Tearing at the entangling wires and cables, Dad somehow connected with a live current and toasted himself in several ways simultaneously. Intently focused on their X-Box (Call of Duty Black Ops, if you must know) on the other side of the room, Boys 1 and 2 noticed none of this until, alas, it was considerably too late. Such is the fate awaiting many Britons as the dreaded 25 December approaches.

A shocking press release from Thirst4lawyers revealed this week that “Almost 20 percent of Brits will injure themselves cooking Christmas dinner” by which Bankstone News assumes they mean Christmas lunch. But 20%. That’s a lot. That’s one in five, isn’t it? Scary. The other four top five yuletide mishaps are tree ornament lacerations, falls from ladders, tripping over cables and (or?) fairly lights and decorations and burns from candles.

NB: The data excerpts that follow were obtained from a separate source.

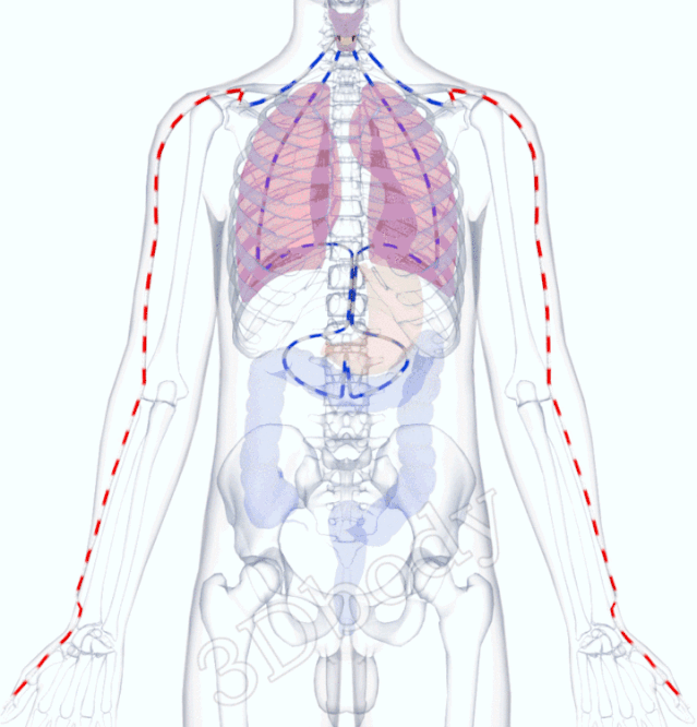 循行:肺手太阴之脉,起于中焦,下络大肠,还循胃口,上膈属肺。从肺系,横出腋下,下循臑内,行少阴、心主之前,下肘中,循臂内上骨下廉,入寸口,上鱼,循鱼际,出大指之端。其支者,从腕后,直出次指内廉,出其端。
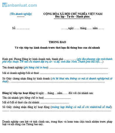 Về việc tiếp tục kinh doanh trước thời hạn đã thông báo của chi nhánh
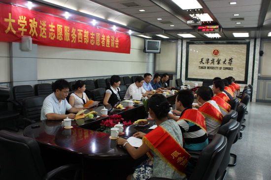 7 月15 日 , 我校大學生志愿服務西部計劃活動座談會暨大學生志愿服務西部計劃畢業生送行儀式在信息交流中心多功能會議室舉行。校黨委副書記楊萬義、校團委書記王罡、研究生部副主任趙建洪、志愿者所在學院的黨總支副書記和赴西部及地震災區服務同學參加座談會。
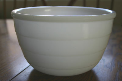 VINTAGE WHITE MILK GLASS mixing bowls Atlas fridge dish

“The week’s [sic] leading up to Christmas can be quite fraught,” says Chris Rodgrasp of Thirst4lawyers, “however it’s important that we don’t get too carried away. Cooking the Christmas dinner is one of the biggest jobs we undertake” and “always ensure that fairy lights come with the required safety mark and keep out of reach of children.

London is the most dangerous place for Christmas accidents, Thirst4Layers’ survey found, and Norwich is the safest. The recent national census found that Norwich is also the most godless city in the country. Can this be coincidence? Answers up the chimney on a burning sheet of Garfield-embellished junior personal stationary, please.